> **The task**
Once the images are set aside, return every entry exactly.

- - -

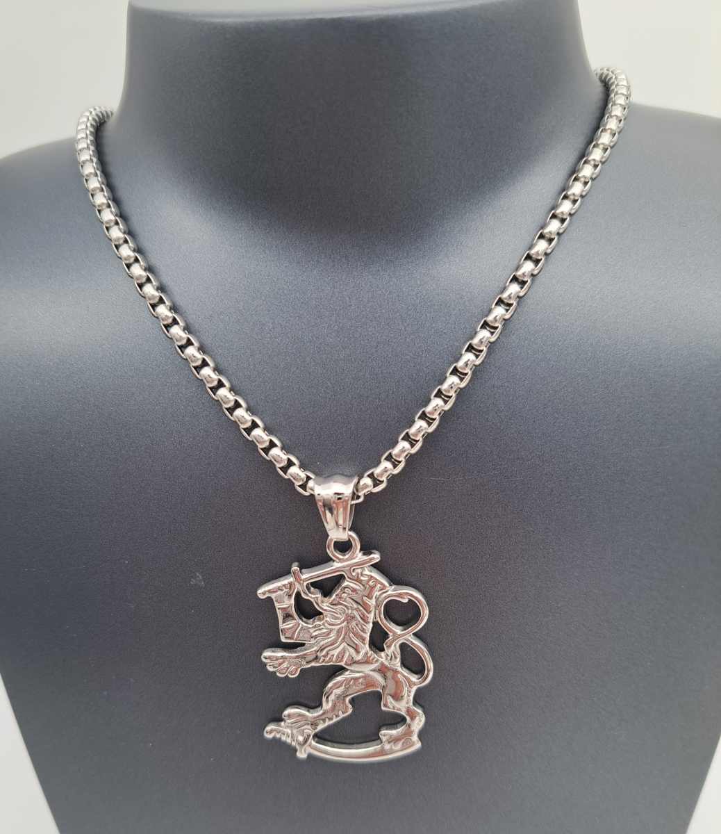 Näyttävä Leijona-riipus kiiltävää terästä.
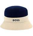 Beautiful Katvig bucket hat in a classic combination of white and navy in wide stripes. The Bucket hat is designed to protect against the sun's rays and adds a stylish element to outdoor activities.
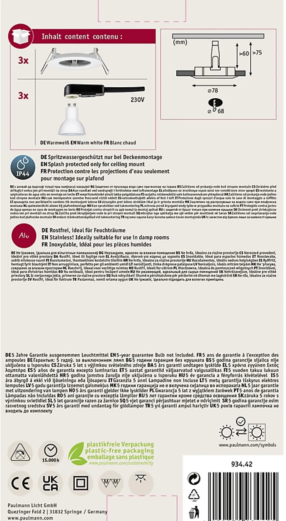 Les spots encastrés Nova ronds en blanc dépoli avec 3×6,5W et 3x460lm offrent une lumière agréable, un design adapté et une haute efficacité énergétique. Le style pur n’est pas dévalorisé par des circlips : Comme l’ampoule est insérée par l’arrière, nul besoin de circlip. Grâce à la connexion 230 V directe, vous pouvez très facilement connecter des luminaires entre eux sans aucune limite. La fixation simple par ressorts de retenue conserve le plafond intact, même après plusieurs montages et démontages. La livraison inclut des ampoules LED GU10 performantes et durables dont la lumière blanc chaud crée une atmosphère conviviale.
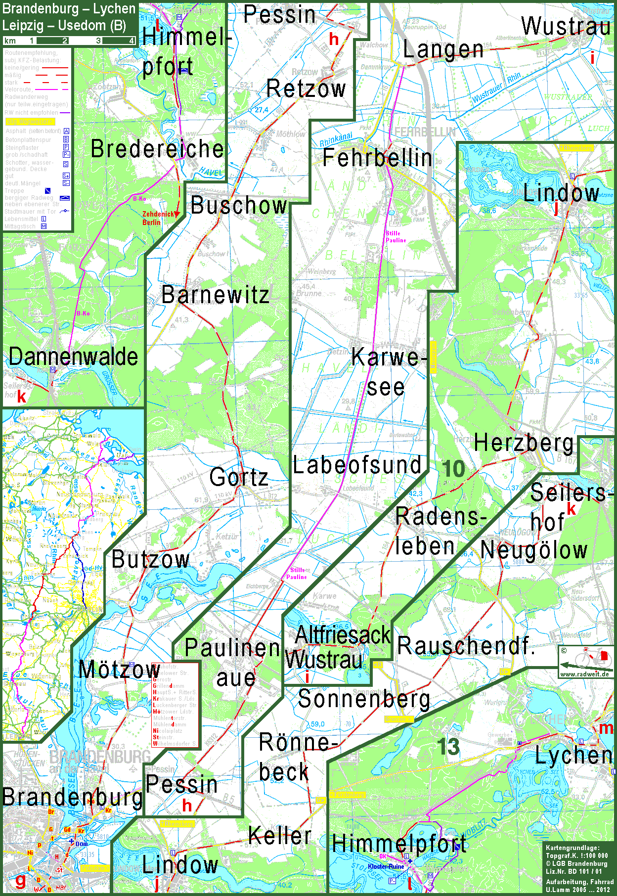 In Brandenburg lässt sich Kopfsteinpflaster leider nicht ganz vermeiden. Von Brandenburg nach Nordosten geht die Streckedurch Havelländisches Luch und Rhinluch. Bei Bredereiche wird die Havel noch einmal erreicht und überquert. . |
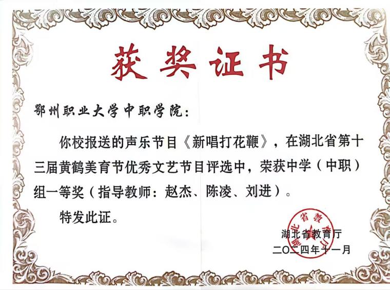 近日,湖北省第十三届黄鹤美育节优秀文艺节目评选结果揭晓,鄂州职业大学中职学院原创表演唱节目《新唱打花鞭》从全省1500个参赛作品中脱颖而出,荣获一等奖。这一成绩不仅是学校美育教学的里程碑式突破,更是传统文化创造性转化的生动实践。

- - -

> **Your solution**
 Näyttävä Leijona-riipus kiiltävää terästä.
 Beautiful Katvig bucket hat in a classic combination of white and navy in wide stripes. The Bucket hat is designed to protect against the sun's rays and adds a stylish element to outdoor activities.
 Les spots encastrés Nova ronds en blanc dépoli avec 3×6,5W et 3x460lm offrent une lumière agréable, un design adapté et une haute efficacité énergétique. Le style pur n’est pas dévalorisé par des circlips : Comme l’ampoule est insérée par l’arrière, nul besoin de circlip. Grâce à la connexion 230 V directe, vous pouvez très facilement connecter des luminaires entre eux sans aucune limite. La fixation simple par ressorts de retenue conserve le plafond intact, même après plusieurs montages et démontages. La livraison inclut des ampoules LED GU10 performantes et durables dont la lumière blanc chaud crée une atmosphère conviviale.
 In Brandenburg lässt sich Kopfsteinpflaster leider nicht ganz vermeiden. Von Brandenburg nach Nordosten geht die Streckedurch Havelländisches Luch und Rhinluch. Bei Bredereiche wird die Havel noch einmal erreicht und überquert. . |
 近日,湖北省第十三届黄鹤美育节优秀文艺节目评选结果揭晓,鄂州职业大学中职学院原创表演唱节目《新唱打花鞭》从全省1500个参赛作品中脱颖而出,荣获一等奖。这一成绩不仅是学校美育教学的里程碑式突破,更是传统文化创造性转化的生动实践。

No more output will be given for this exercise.